**To do**
The expected response is the complete listing below, restated exactly, with its pictures omitted.

**Dataset excerpt**
--

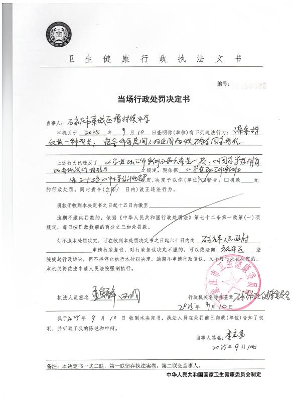 石家庄市藁城区增村镇中学违反《学校卫生工作条例》案
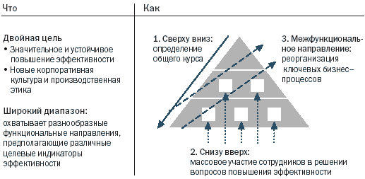 - «сверху вниз» — установление руководством основного курса изменений с целью концентрации всеобщего внимания на проблеме повышения эффективности и создания условий для ее решения;
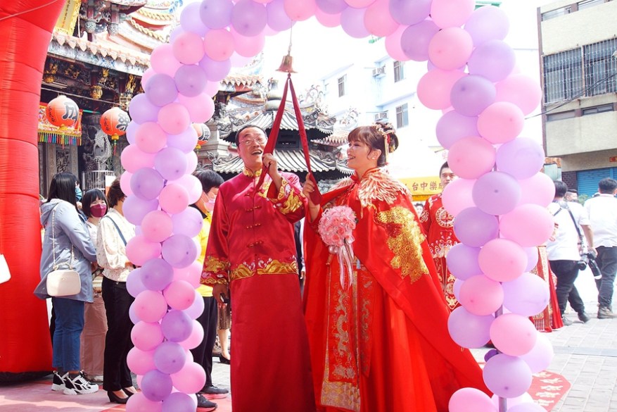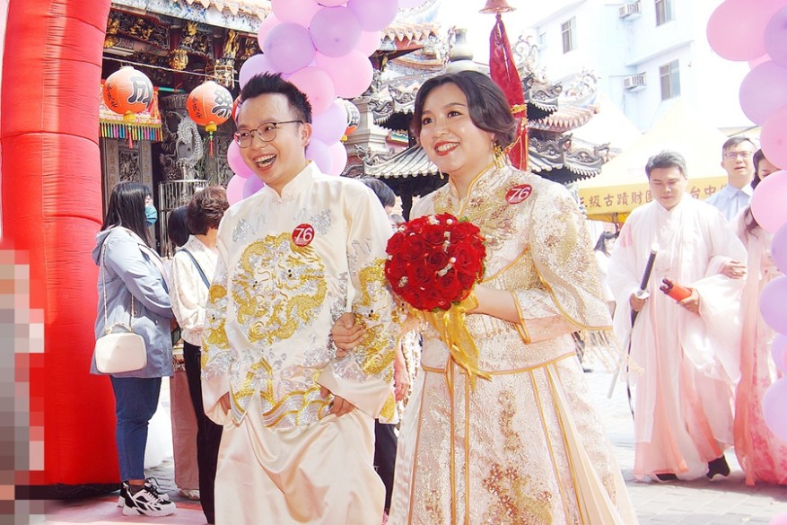 郭松益董事長說,今年有一對新人林郁婷小姐跟藤田圭祐先生交往五年的異國相戀愛情故事,林小姐和藤田先生是在日本的交友軟體認識,維持了兩年多的穩定的遠距離戀愛後,有打算結婚,在2020年2月返回台灣時,並與家人報告,因為疫情的關係,及因為算命的師傅說時機還未到,所以就暫停這個結婚計畫,時間又過了三年,原本打算以登記的方式完成結婚,但經由林郁婷的媽媽介紹,讓他們知道有這次聯合婚禮的活動,一方面能在樂成宮由月老及旱溪媽祖的見證下完成婚禮,對她們來說是相當寶貴的經驗,另一方面也能讓家人們看見自己穿上婚紗的模樣,也是非常難得的體驗,所以就決定要參與這次的活動。更增添這次活動異國婚姻的佳話。
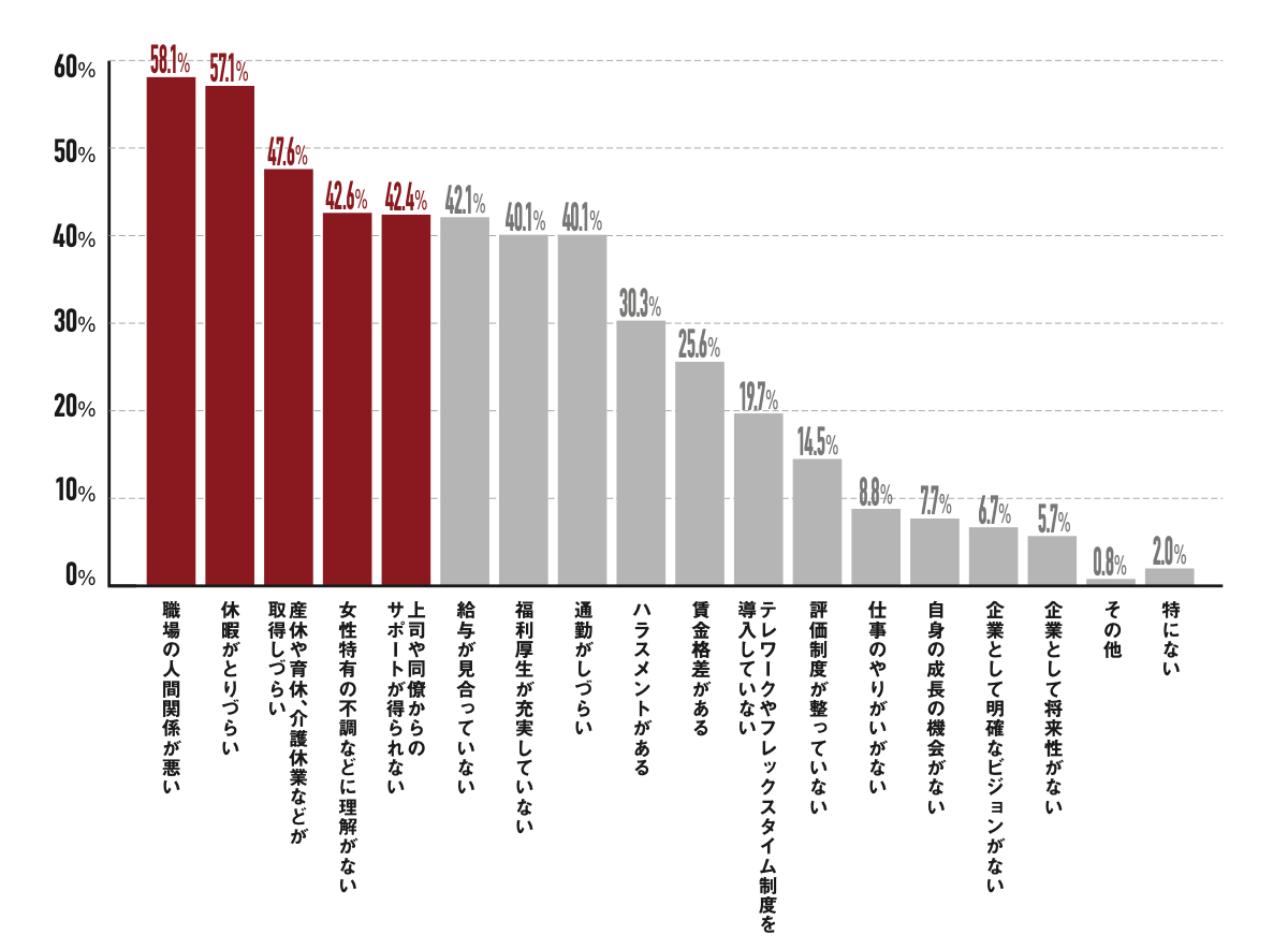 1位は職場の人間関係が良好、2位・適切な給与、3位・福利厚生が充実しているという結果となりました。人間関係を重視する割合は約7割と人間関係を重視する女性たちは多いことが分かります。

--

**Task result**
 石家庄市藁城区增村镇中学违反《学校卫生工作条例》案
 - «сверху вниз» — установление руководством основного курса изменений с целью концентрации всеобщего внимания на проблеме повышения эффективности и создания условий для ее решения;
 郭松益董事長說,今年有一對新人林郁婷小姐跟藤田圭祐先生交往五年的異國相戀愛情故事,林小姐和藤田先生是在日本的交友軟體認識,維持了兩年多的穩定的遠距離戀愛後,有打算結婚,在2020年2月返回台灣時,並與家人報告,因為疫情的關係,及因為算命的師傅說時機還未到,所以就暫停這個結婚計畫,時間又過了三年,原本打算以登記的方式完成結婚,但經由林郁婷的媽媽介紹,讓他們知道有這次聯合婚禮的活動,一方面能在樂成宮由月老及旱溪媽祖的見證下完成婚禮,對她們來說是相當寶貴的經驗,另一方面也能讓家人們看見自己穿上婚紗的模樣,也是非常難得的體驗,所以就決定要參與這次的活動。更增添這次活動異國婚姻的佳話。
 1位は職場の人間関係が良好、2位・適切な給与、3位・福利厚生が充実しているという結果となりました。人間関係を重視する割合は約7割と人間関係を重視する女性たちは多いことが分かります。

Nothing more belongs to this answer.